* _Assignment_
Among the entries below, which lines run from the line with "Bej Yün Karışımlı Fermuarlı Triko Kazak" through the line with "隨后,由鄭冰教授跟我們分享《"? Retype those, both ends included, exactly and without pictures.

* _Source data_
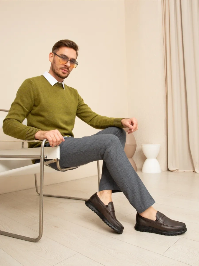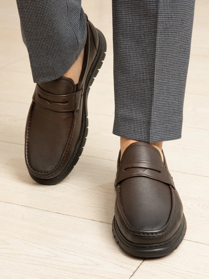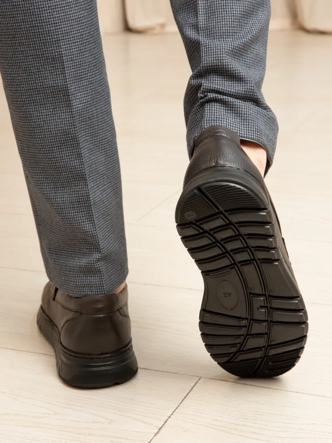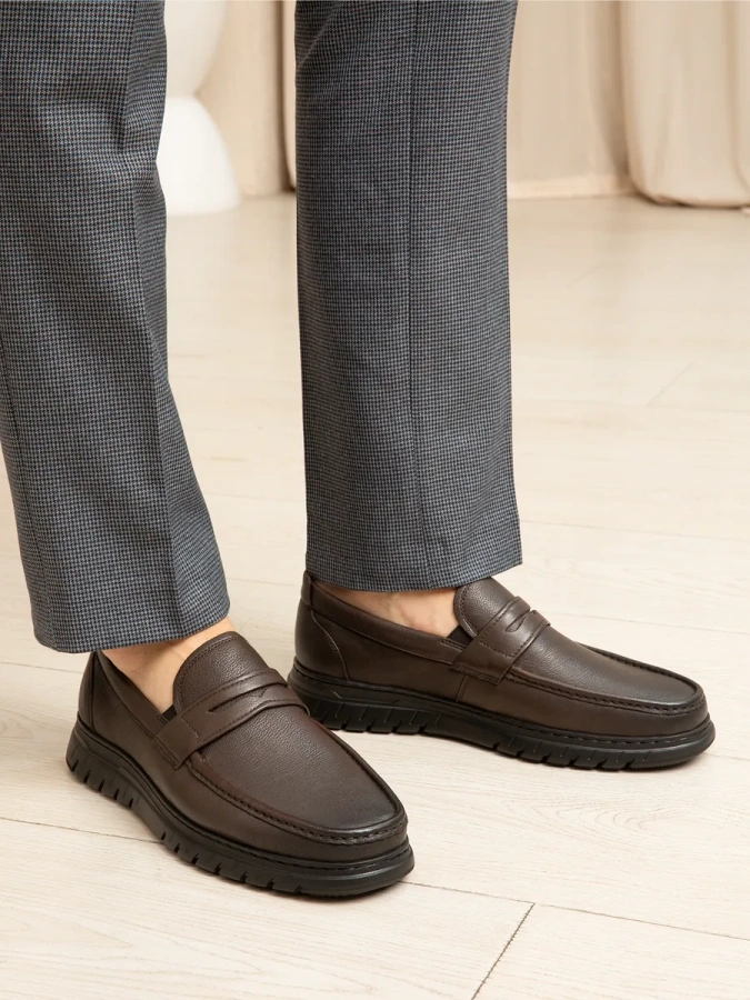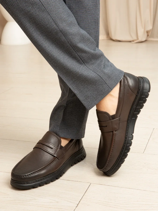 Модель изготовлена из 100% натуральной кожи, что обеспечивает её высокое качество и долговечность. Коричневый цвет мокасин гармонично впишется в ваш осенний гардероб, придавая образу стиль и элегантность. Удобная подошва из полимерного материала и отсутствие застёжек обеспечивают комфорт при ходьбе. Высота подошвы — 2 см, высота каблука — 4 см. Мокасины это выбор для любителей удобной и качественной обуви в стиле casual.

==

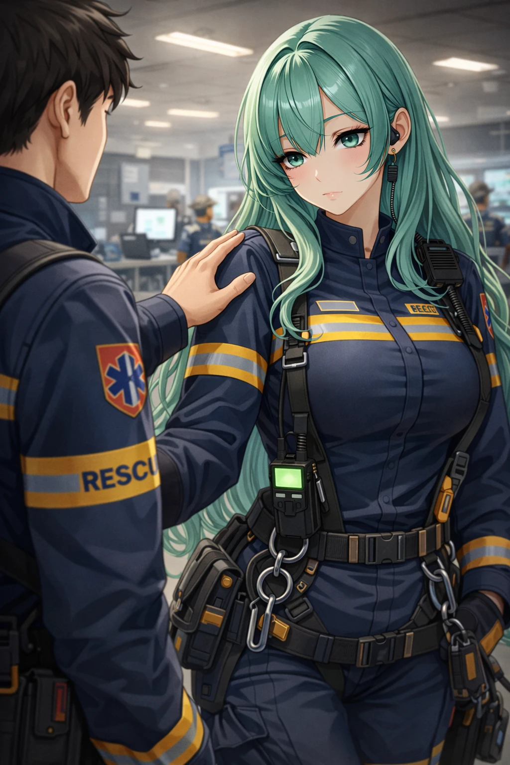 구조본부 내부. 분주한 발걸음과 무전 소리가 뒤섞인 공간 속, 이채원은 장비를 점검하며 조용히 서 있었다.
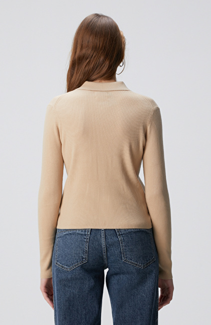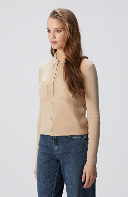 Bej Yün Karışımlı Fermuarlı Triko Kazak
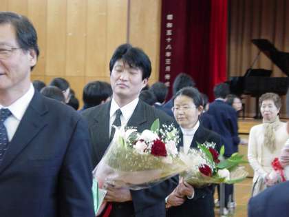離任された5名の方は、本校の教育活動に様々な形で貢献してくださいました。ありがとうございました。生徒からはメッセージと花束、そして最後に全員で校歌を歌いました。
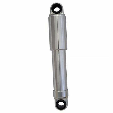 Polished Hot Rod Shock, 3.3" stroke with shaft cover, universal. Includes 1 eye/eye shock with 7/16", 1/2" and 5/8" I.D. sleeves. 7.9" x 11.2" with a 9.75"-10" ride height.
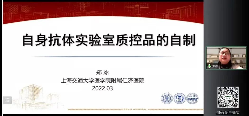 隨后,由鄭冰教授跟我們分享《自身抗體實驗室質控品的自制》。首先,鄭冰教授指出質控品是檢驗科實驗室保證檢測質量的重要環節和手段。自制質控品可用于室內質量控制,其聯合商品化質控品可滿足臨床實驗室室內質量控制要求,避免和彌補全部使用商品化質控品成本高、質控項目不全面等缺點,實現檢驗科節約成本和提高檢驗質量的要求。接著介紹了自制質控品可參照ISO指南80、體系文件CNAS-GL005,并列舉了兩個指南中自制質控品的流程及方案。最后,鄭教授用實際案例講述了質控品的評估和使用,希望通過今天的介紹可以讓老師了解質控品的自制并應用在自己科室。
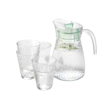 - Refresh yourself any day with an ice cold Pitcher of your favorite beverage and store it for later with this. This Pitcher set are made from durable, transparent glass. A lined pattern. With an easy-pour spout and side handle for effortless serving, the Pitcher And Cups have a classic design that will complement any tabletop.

---

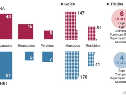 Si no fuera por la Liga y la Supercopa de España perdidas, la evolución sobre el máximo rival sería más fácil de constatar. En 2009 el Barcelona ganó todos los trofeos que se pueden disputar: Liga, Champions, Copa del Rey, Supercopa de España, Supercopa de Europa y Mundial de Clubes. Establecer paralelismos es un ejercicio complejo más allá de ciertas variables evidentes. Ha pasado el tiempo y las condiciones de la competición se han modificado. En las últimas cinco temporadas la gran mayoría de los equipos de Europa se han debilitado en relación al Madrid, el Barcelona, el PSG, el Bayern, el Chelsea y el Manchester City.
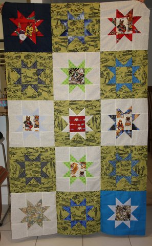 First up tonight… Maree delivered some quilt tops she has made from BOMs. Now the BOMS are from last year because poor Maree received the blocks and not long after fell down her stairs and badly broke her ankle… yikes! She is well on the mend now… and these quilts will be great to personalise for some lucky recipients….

* _Solution for this exercise_
 Bej Yün Karışımlı Fermuarlı Triko Kazak
離任された5名の方は、本校の教育活動に様々な形で貢献してくださいました。ありがとうございました。生徒からはメッセージと花束、そして最後に全員で校歌を歌いました。
 Polished Hot Rod Shock, 3.3" stroke with shaft cover, universal. Includes 1 eye/eye shock with 7/16", 1/2" and 5/8" I.D. sleeves. 7.9" x 11.2" with a 9.75"-10" ride height.
 隨后,由鄭冰教授跟我們分享《自身抗體實驗室質控品的自制》。首先,鄭冰教授指出質控品是檢驗科實驗室保證檢測質量的重要環節和手段。自制質控品可用于室內質量控制,其聯合商品化質控品可滿足臨床實驗室室內質量控制要求,避免和彌補全部使用商品化質控品成本高、質控項目不全面等缺點,實現檢驗科節約成本和提高檢驗質量的要求。接著介紹了自制質控品可參照ISO指南80、體系文件CNAS-GL005,并列舉了兩個指南中自制質控品的流程及方案。最后,鄭教授用實際案例講述了質控品的評估和使用,希望通過今天的介紹可以讓老師了解質控品的自制并應用在自己科室。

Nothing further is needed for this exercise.